I wrote an article called Calculate And Communicate about why dataviz is a great field to work in, and why I needed to write yet another book on the subject. This is in Significance magazine's December 2018 issue.

The making of...

Here's where you can find all the code I used to generate my own images in the book. There are also some blog posts expanding on various images from the book. The chapters' code is being added right now and should all be available bythe end of 2018. There is a corresponding GitHub repository for those of you who like that kind of thing.


Table of contents

Click here for a detailed table of contents in PDF

    Section I: The basics
    1. Why visualize?
    2. Translating numbers to images
    Section II: Statistical building blocks
    3. Continuous and discrete numbers
    4. Percentages and risks
    5. Showing data or statistics
    6. Differences, ratios, correlations
    Section III: Specific tasks
    7. Visual perception and the brain
    8. Showing uncertainty
    9. Time trends
    10. Statistical predictive models
    11. Machine learning techniques
    12. Many variables
    13. Maps and networks
    14. Interactivity
    15. Big data
    16. Wrapping up the package in a report, dashboard or presentation
    Section IV: Closing remarks
    17. Some overarching ideas

Chapter 1: Why visualize?

Fig 1.1 was manually annotated onto a scatter plot of train delays (but not the same dataset that we use in the rest of the book) in Inkscape. I only saved the raster image, like an idiot (this is the only such instance in the whole book! always keep an SVG of everything!). Still, you can look at the unannotated version (generated from Stata) here.
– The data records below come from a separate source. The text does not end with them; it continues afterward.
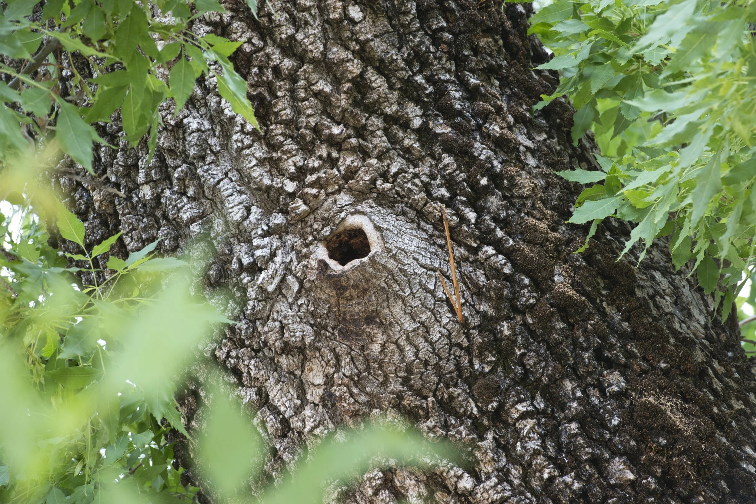 Close-up of a tree trunk with rough bark, a small hole, and green leaves surrounding it.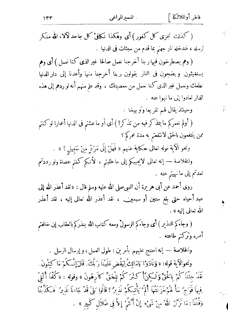 والخلاصة- إنه احتج عليهم بأمرين: طول الأمل، وإرسال الرسل ونحو الآية قوله: «وَنادَوْا يا مالِكُ لِيَقْضِ عَلَيْنا رَبُّكَ، قالَ إِنَّكُمْ ماكِثُونَ. لَقَدْ جِئْناكُمْ بِالْحَقِّ وَلكِنَّ أَكْثَرَكُمْ لِلْحَقِّ كارِهُونَ» وقوله: «كُلَّما أُلْقِيَ فِيها فَوْجٌ سَأَلَهُمْ خَزَنَتُها أَلَمْ يَأْتِكُمْ نَذِيرٌ؟ قالُوا بَلى قَدْ جاءَنا نَذِيرٌ فَكَذَّبْنا وَقُلْنا: ما نَزَّلَ اللَّهُ مِنْ شَيْءٍ إِنْ أَنْتُمْ إِلَّا فِي ضَلالٍ كَبِيرٍ» .
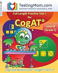 - TESTING MOM - An accredited company that offers the highest quality education FULL-LENGTH PRACTICE TEST - This CogAT workbook covers all 9 Verbal, Nonverbal and Quantitative subtests on the 2nd Grade CogAT Form 7 and 8. With 154 sample questions in all, this will be the only CogAT Practice Test that your child needs! SIMULATES THE TEST - Use this sample test to give your child a similar experience to the actual Cognitive Ability Test – you’ll be able to identify your child’s strengths and weaknesses and can work on skills needed before the actual gifted and talented test. INTERACTIVE LEARNING - Testing Mom specializes in making learning child’s play with fun games IMPROVEMENT TIPS THAT WORK - Testing Mom has helped thousands of kids prepare for the CogAT. We know the test-taking techniques that work and how to avoid the most common gifted testing mistakes – it’s all spelled out in this workbook! KID-FRIENDLY AND FUN - Colorful artwork will keep your child engaged and interested! -Get even more practice with interactive questions at the Testing Mom website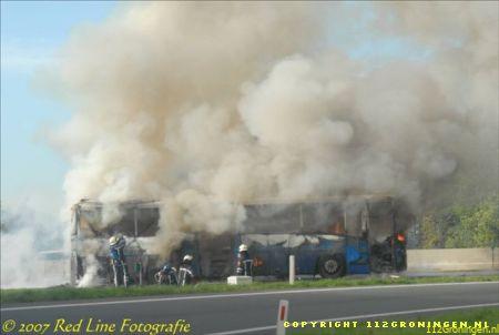 Bus verwoest door vuurzee op A28 nabij Eelde (+ Video)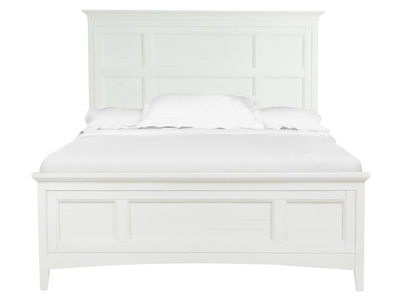 A soft Chalk White finish on Pine veneers and solids creates a relaxed beachy feel in any bedroom with Heron Cove. A high back beaded framed panel bed lends shaker appeal and is available with hidden rails storage. Straight legs support the straight lined chests with raised beaded trim for cottage appeal.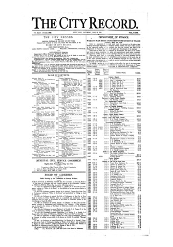 The City Record newspaper publishes notices which includes but is not limited to: public hearings and meetings, public auctions and sales, solicitations and awards and official rules proposed and adopted by city agencies. This is the City Record Newspaper for May 20, 1916.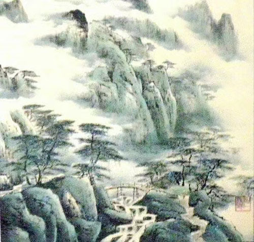 他的艺术创作堪称中国水墨传统的当代绝响,尤以山水、人物和松树三大题材独步画坛。在泼墨挥毫间,他笔下的千岩万壑仿佛被赋予了亘古的生命力,那层层叠嶂宛如巨龙盘踞,以雷霆万钧之势冲破纸面;而云雾缭绕处,又似有仙人抚琴,将"远看山有色,近听水无声"的诗意境界演绎得淋漓尽致。在人物刻画上,他犹如一位洞悉世情的智者,以纤毫毕现的笔触捕捉人物眉宇间的神韵——或是一个凝眸,或是一抹浅笑,都仿佛能听见画中人的呼吸与心跳。最令人叹为观止的是他笔下的松柏,那些虬枝铁干在宣纸上傲然挺立,仿佛历经千年风霜的智者,每一处皴擦都诉说着"大雪压青松,青松挺且直"的铮铮铁骨。这些跃动着生命脉搏的画作,恰似一扇扇镶嵌着东方美学的琉璃窗,既透射着传统文化的智慧光芒,又折射出艺术家独到的审美视角。正如鉴赏家们所言,观赏他的作品,就像在聆听一首由笔墨谱写的交响诗,时而激昂如黄钟大吕,时而婉转似珠落玉盘,引得全球艺术界的目光在此交汇,共同见证着中国水墨艺术在当代的华丽绽放。

Fig 1.2 was a screenshot from DrawMyData, a little interactive webpage I made a while back, taken by Alberto Cairo after he drew the Datasaurus, and kindly shared with me. The Datasaurus became his most popular blog post ever and got incorporated into a lot of other people's work, a small minority of whom acknowledged poor old Alberto. The most ingenious of these was Autodesk Research, who got my methodviz of 2017 award for it.

Fig 1.3 was made in R with some pretty standard and ugly base code. See Ch1.R; the SVG file is here.

Figs 1.6-1.9 were made, as you can see in the book, with paper, tracing paper, acetate transparency, coloured pencils, sticky tape and fine nib whiteboard marker pens. The map is by Google and the data are based on (but not accurate to) that from the book "Statistics: unlocking the power of data" by Lock, Lock, Lock, Lock and Lock. I recommend this book for beginners in statistics, by the way. You can also find the dataset on their website StatKey.

Fig 1.10 was made by creating the map in Mapbox, saving it as a raster, importing it into Inkscape so it became the background to an SVG file, and then adding the other stuff (rings, bars, text, dotted lines) on top. I got the basic layout right in Inkscape then added the bars, circles and lines in the text editor because it was easy to get everything lined up, and to keep the code simple. The SVG file is here.

Figs 1.4 & 1.5 were made by other people.

Chapter 2: Translating numbers to images

Figs 2.1-2.6 are generated from base R graphics (see traindelays-fourweeks.R. Because they are all showing variations on the same plot, there is one function defined at the beginning, with some options, such as to show markers or lines, and then this is repeatedly called inside png() and svglite::svglite() graphics devices. This ensures that there is consistency in things like margins and labeling, because they can be changed in just one place and affect all the graphs generated from that function.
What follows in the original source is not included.